The object location memory procedure is used to test spatial memory. The procedure consists of a training phase and a testing phase. Prior to training, each mouse was handled for 3 min a day for 3 days. On the training day, mice are placed in an arena (approx. 1 square foot) containing three different objects. The objects used were a glass bottle, a metal tower (h × w × l, 5 × 2 × 2 inches), and a plastic cylinder. Mice were habituated to an empty arena with a black and white striped spatial cue on the wall, followed by object exposure in three 6-min trials with an interval of 3 min. The arena and objects were cleaned with 70% EtOH between trials. To diminish biases, the memory test was performed on control and knockdown mice on the same day in the same arena, using every combination of object location (n = 10 mice per study group). After 24 h, the individual mice were placed back in the arena used in the testing phase. For testing, one of the objects was moved to different location in the arena. Mice were allowed to explore freely for 5 min. Each session was recorded using a video camera and time spent exploring (approaches and sniffing) each object was assessed offline. All animals were randomized and preassigned to arena and object the day before testing to ensure that every treatment group explored every object configuration.

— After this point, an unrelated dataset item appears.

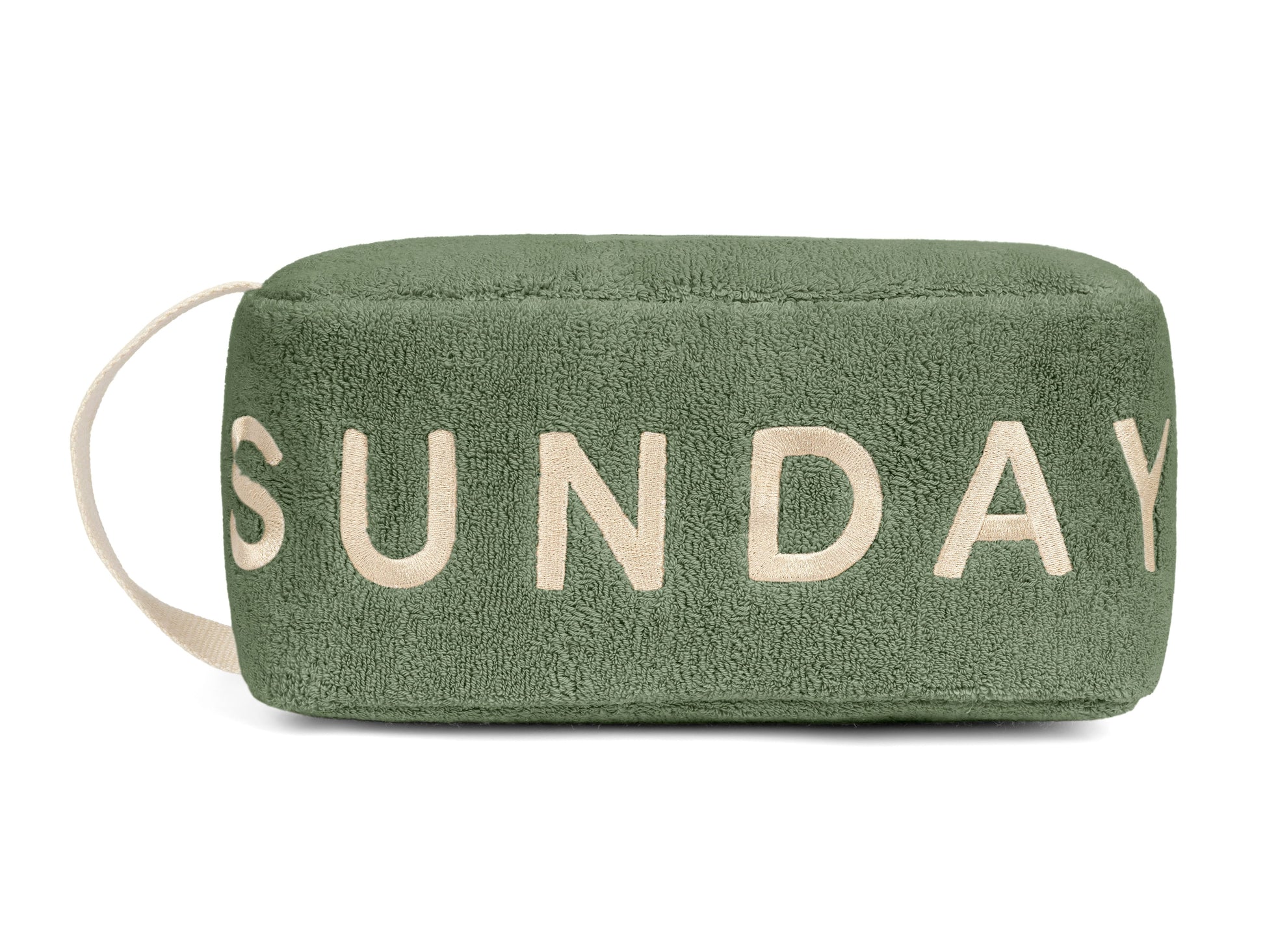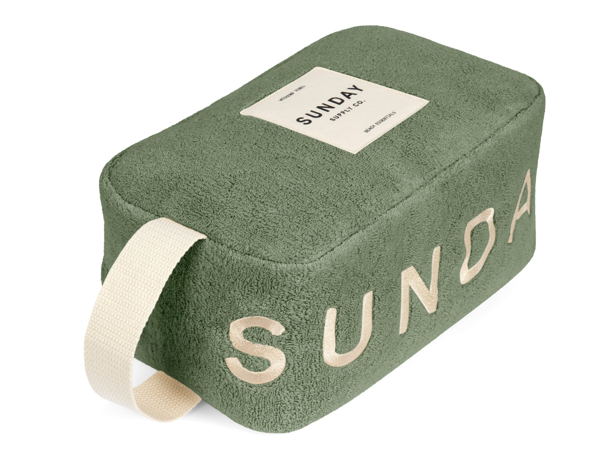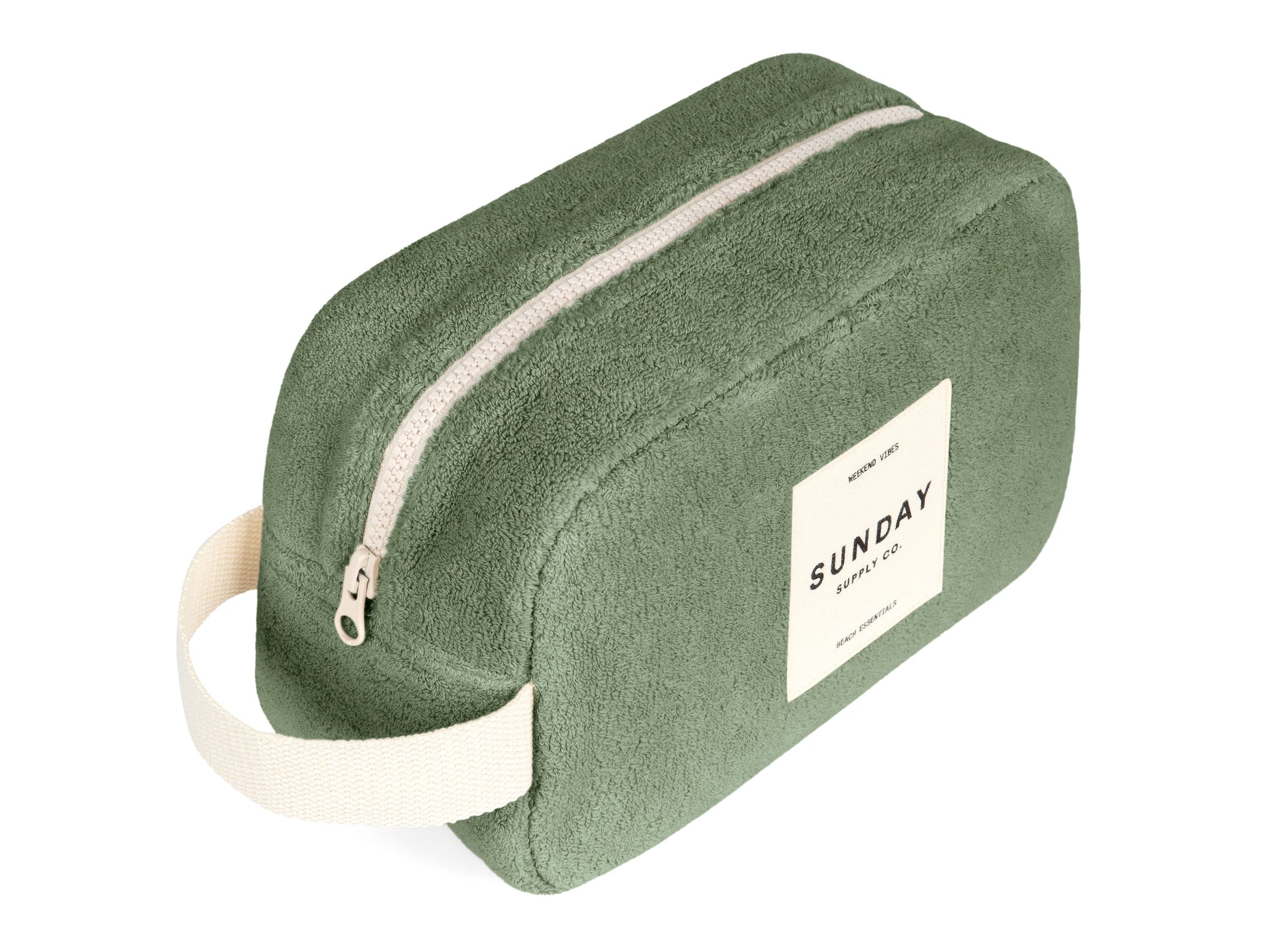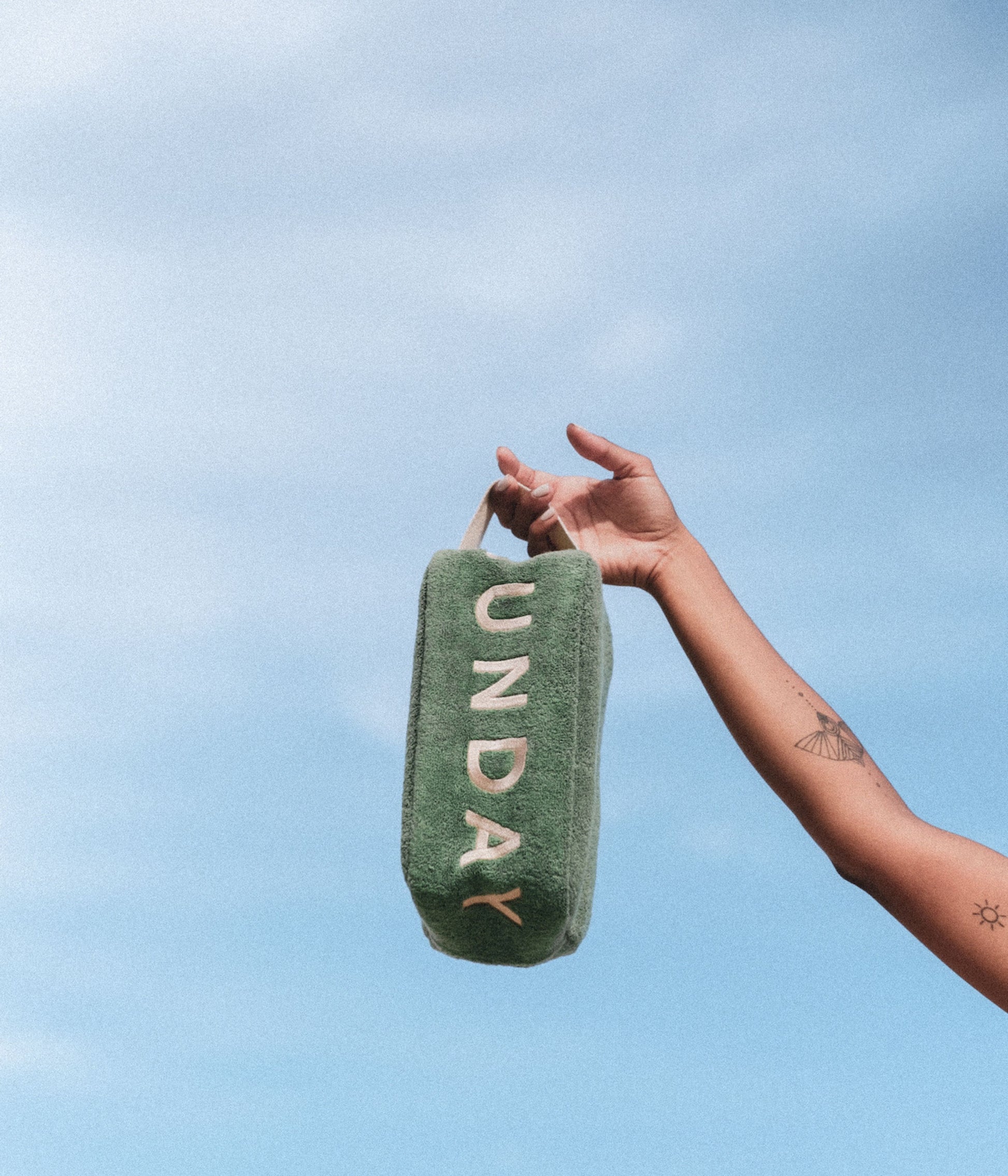 Featuring a 100% terry towelling outer, lined with heavy duty cotton canvas and zipped with premium YKK zip hardware. A thick canvas handle is attached to a single side of the pouch and our signature ‘SUNDAY’ patch logo is featured on the front with our embroidery on the bottom.

Contextual fear conditioning

The mouse was placed in the conditioning chamber (Med Associates) for 5 min before the onset of the unconditioned stimulus (US), a 1.5-mA continuous foot shock. A mild 2-s, 1.5-mA foot shock is used as an aversive stimulus; this does not injure the mice but provides the transient, yet startling and aversive, stimulus that is necessary for conditioning. After an additional 30 s in the chamber, the mouse was returned to its home cage. Twenty-four hours later, the mouse was tested for a freezing response to the chamber (contextual) where training occurred. Time spent freezing in the chamber (motionless except for respiratory movements) was assessed for 5 consecutive minutes.

Data availability

The ChIP–seq and RNA-seq data have been made available at the Gene Expression Omnibus (GEO) repository under the SuperSeries accession code GSE76854. All other data are available from the authors upon reasonable request.